Entries taken from a collection

=== Begin Enclosure ===

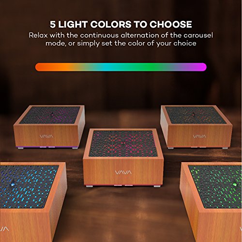 5 Light Colors to Choose Pushing its visual appeal beyond its elegant wood construction, this Japanese garden-inspired aromatherapy diffuser glows with 5 reinvigorating LED lights. Let these alternate in a perpetual carousel, or set your favorite color and have it soothe your spirit and please your eye.
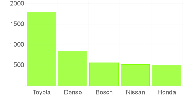Kjøreassistent – automatiserer og forbedrer systemer for sikring og bedring av kjøreegenskapene når en fører styrer en bil. Vi snakker eksempelvis om teknologi som skal hjelpe fører å unngå kollisjoner gjennom å varsle eller å ta over styring for å unngå farer. Teknologien omfatter blant annet ryggesensor, fotgjengersensor, feltvarsling og intelligent bremsing. Ser vi på hvem som har registrert flest patenter her, får vi følgende liste:
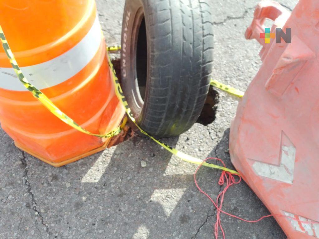 Ante la profundidad del espacio colocaron señalética y hasta una llanta para ver si el ayuntamiento de Veracruz, por medio de alguno de los trabajadores de las oficinas aledañas lo reporta y le brinda atención.
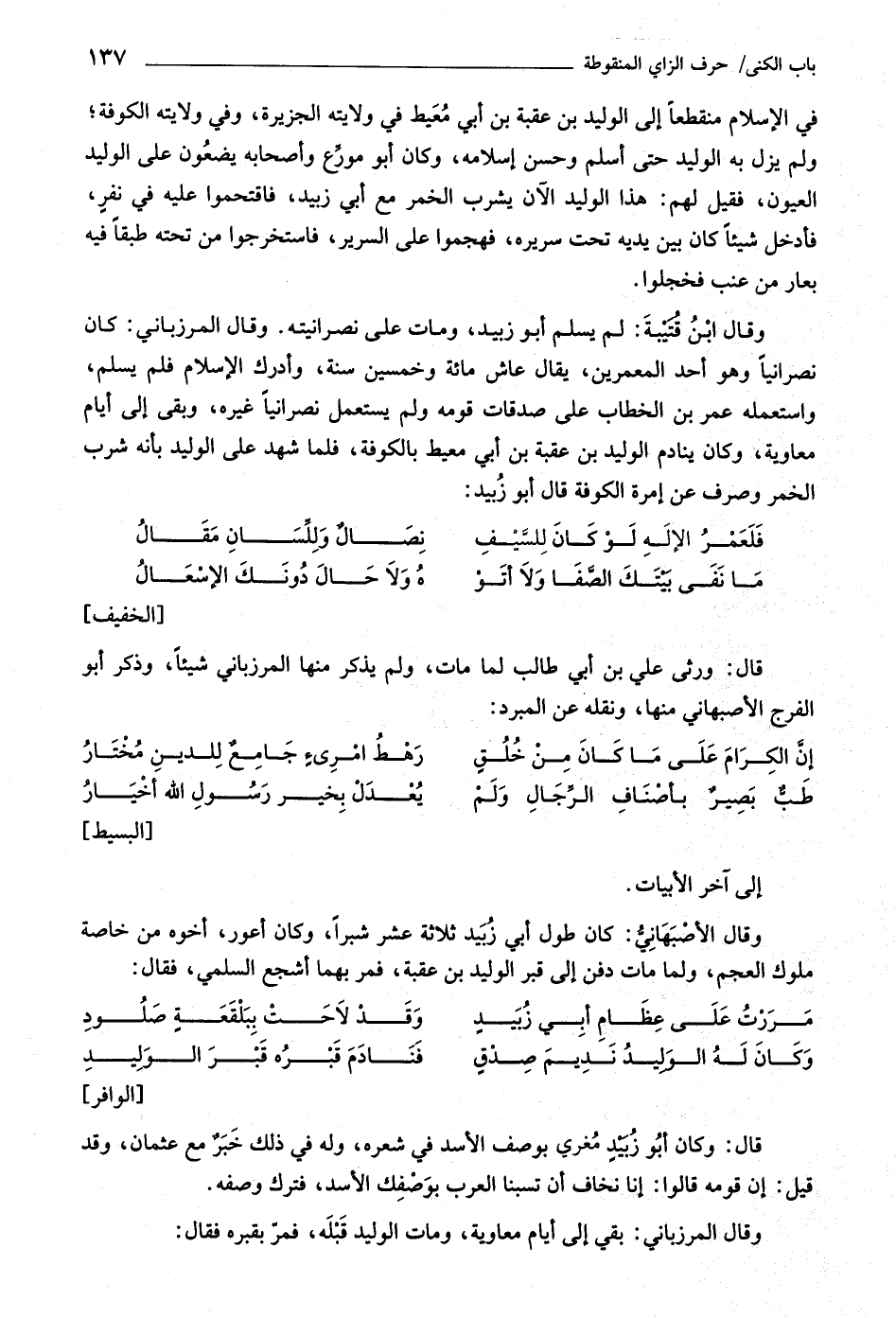 [الوافر] قال: وكان أبو زبيد مغري بوصف الأسد في شعره، وله في ذلك خبر مع عثمان، وقد قيل: إن قومه قالوا: إنا نخاف أن تسبنا العرب بوصفك الأسد، فترك وصفه.
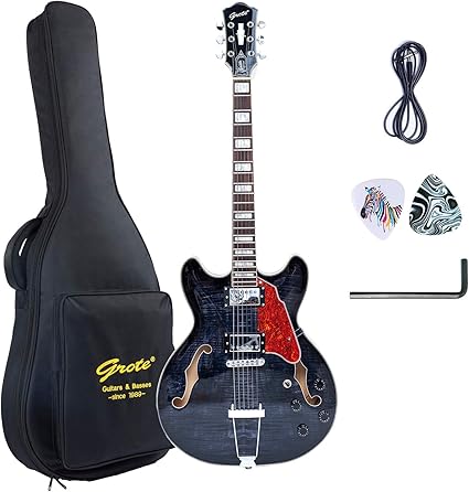 Semi Hollow Acoustic Electric Guitar - Amazon Com Grote Jazz Electric Guitar Semi Hollow Body Trapeze Tailpiece Bridge Guitar Gig Bag Black Musical Instruments
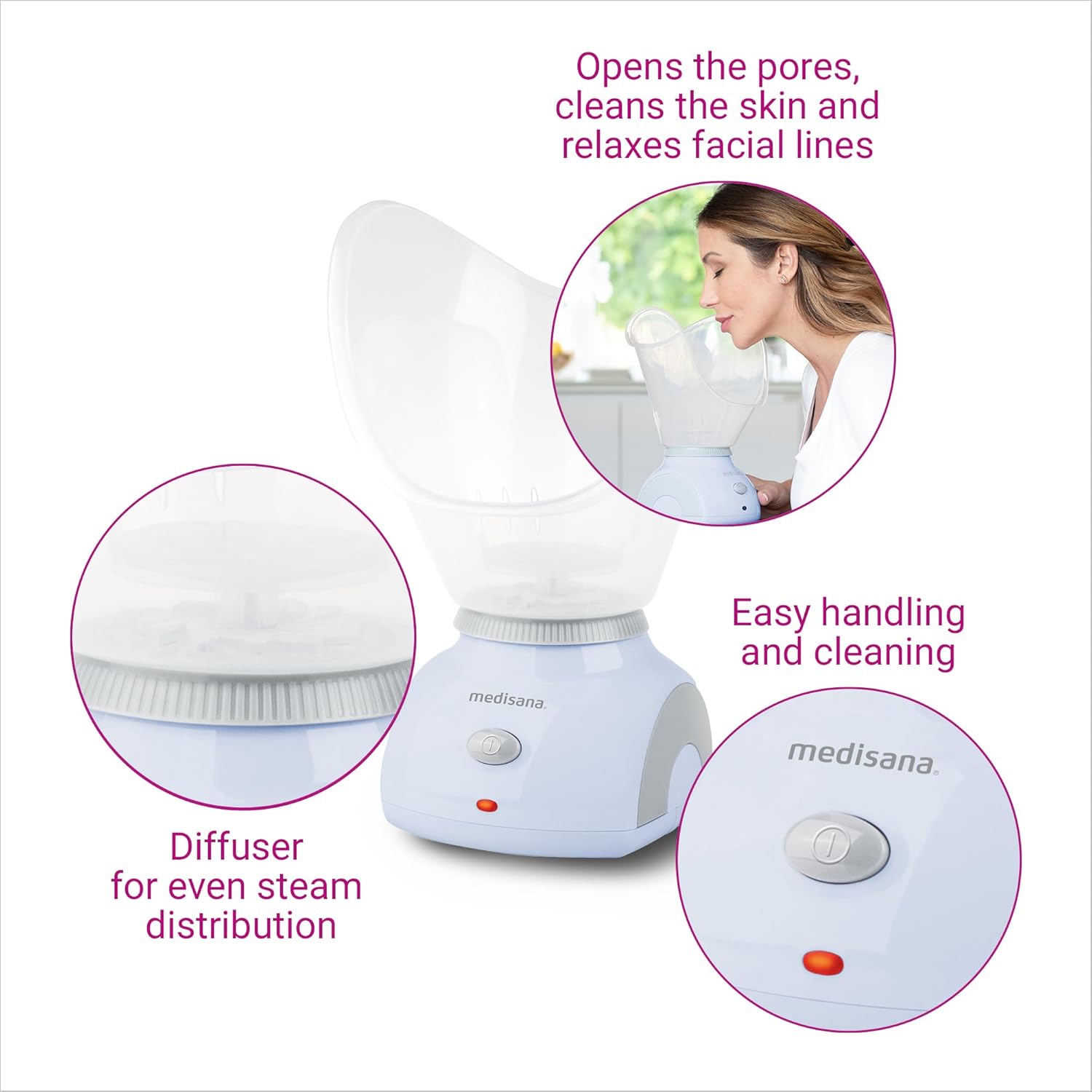 Medisana FSS Gesichtssauna, Gesichtsdampfer, porentiefe Gesichtsreinigung mit Nasenaufsatz für die Gesichtspflege 1. Generation | قیمت یورویی 20.38€

=== End Enclosure ===

What is needed is the exact run of lines from the start of the data through the line with "Kjøreassistent – automatiserer", both ends included, minus the pictures.

> _YOUR SOLUTION_
 5 Light Colors to Choose Pushing its visual appeal beyond its elegant wood construction, this Japanese garden-inspired aromatherapy diffuser glows with 5 reinvigorating LED lights. Let these alternate in a perpetual carousel, or set your favorite color and have it soothe your spirit and please your eye.
Kjøreassistent – automatiserer og forbedrer systemer for sikring og bedring av kjøreegenskapene når en fører styrer en bil. Vi snakker eksempelvis om teknologi som skal hjelpe fører å unngå kollisjoner gjennom å varsle eller å ta over styring for å unngå farer. Teknologien omfatter blant annet ryggesensor, fotgjengersensor, feltvarsling og intelligent bremsing. Ser vi på hvem som har registrert flest patenter her, får vi følgende liste:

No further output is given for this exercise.